Constructing highly efficient bismuth (Bi)-based catalysts to accelerate the sluggish kinetic process of CO₂ electroreduction to HCOOH is crucial for promoting its practical application but also highly challenging. Herein, the bismuth cerium oxide catalyst integrated with dual active centers of oxygen vacancy and the heterogeneous interface is fabricated to facilitate the reduction process and enhance the CO₂ electroreduction performance. It is revealed that the introduction of dual active centers endows the catalyst with a remarkably enhanced CO₂ adsorption capacity and facilitates the transfer of more electrons to ^*CO₂. Furthermore, it even steers the reaction pathway favorably toward HCOOH production.
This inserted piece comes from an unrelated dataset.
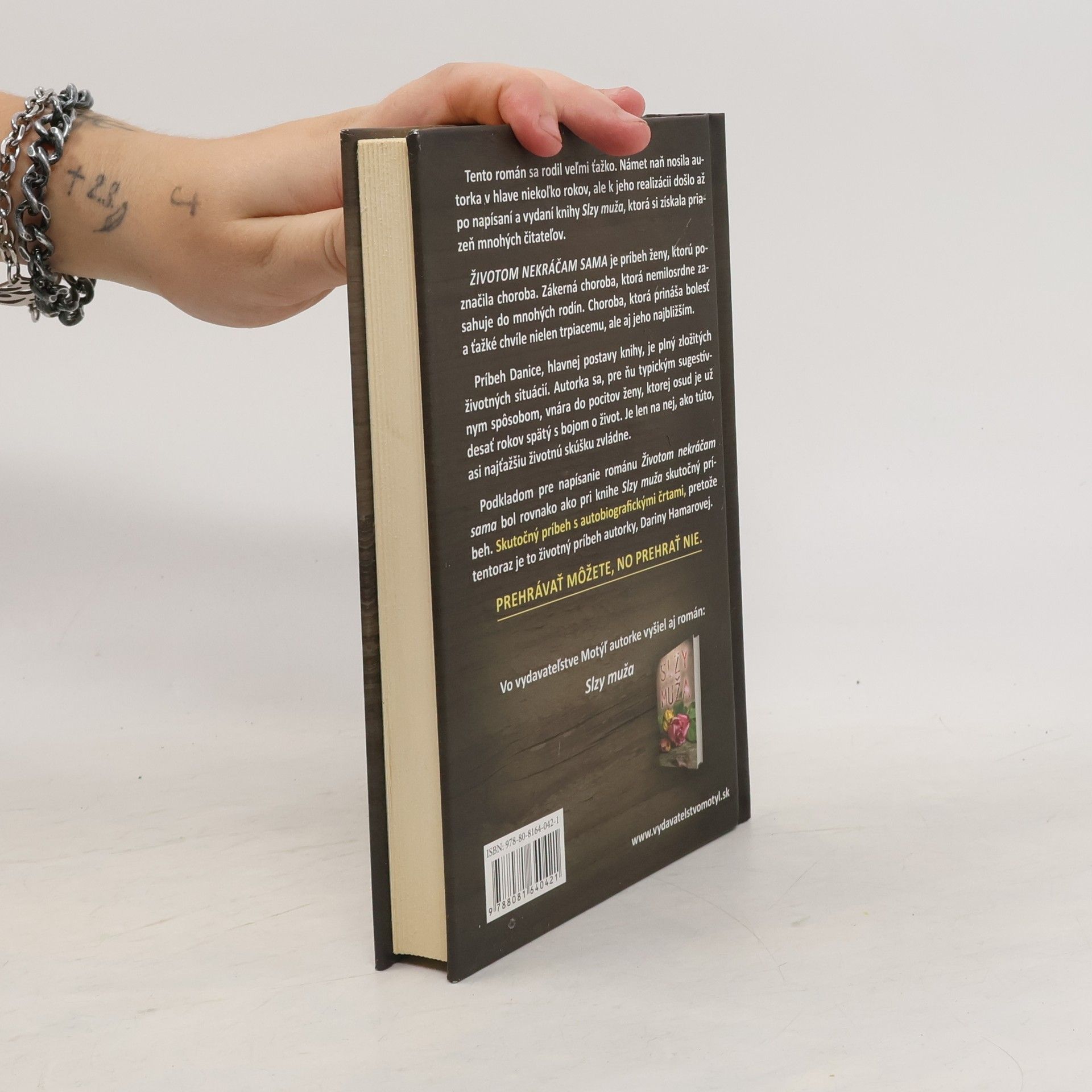 Príbeh Danice, hlavnej postavy knihy, je plný zložitých životných situácií. Autorka sa, pre ňu typickým sugestívnym spôsobom, vnára do pocitov ženy, ktorej osud je už desať rokov spätý s bojom o život. Je len na nej, ako túto, asi najťažšiu životnú skúšku zvládne. Podkladom pre napísanie románu Životom nekráčam sama bol rovnako ako pri knihe Slzy muža skutočný príbeh. Skutočný príbeh s autobiografickými črtami, pretože tentoraz je to životný príbeh autorky, Dariny Hamarovej.

The optimization of CO₂ adsorption, activation, and reaction energy barriers expedited the process of CO₂ electroreduction to HCOOH. As expected, this catalyst exhibits enhanced catalytic performance with a Faradaic efficiency of 97% for HCOOH even at the current density of 300 mA cm⁻². This work highlights the significant synergistic advantages of oxygen vacancies and heterogeneous interfaces in optimizing molecular adsorption, activation, and reaction energy barriers to accelerate the kinetic process.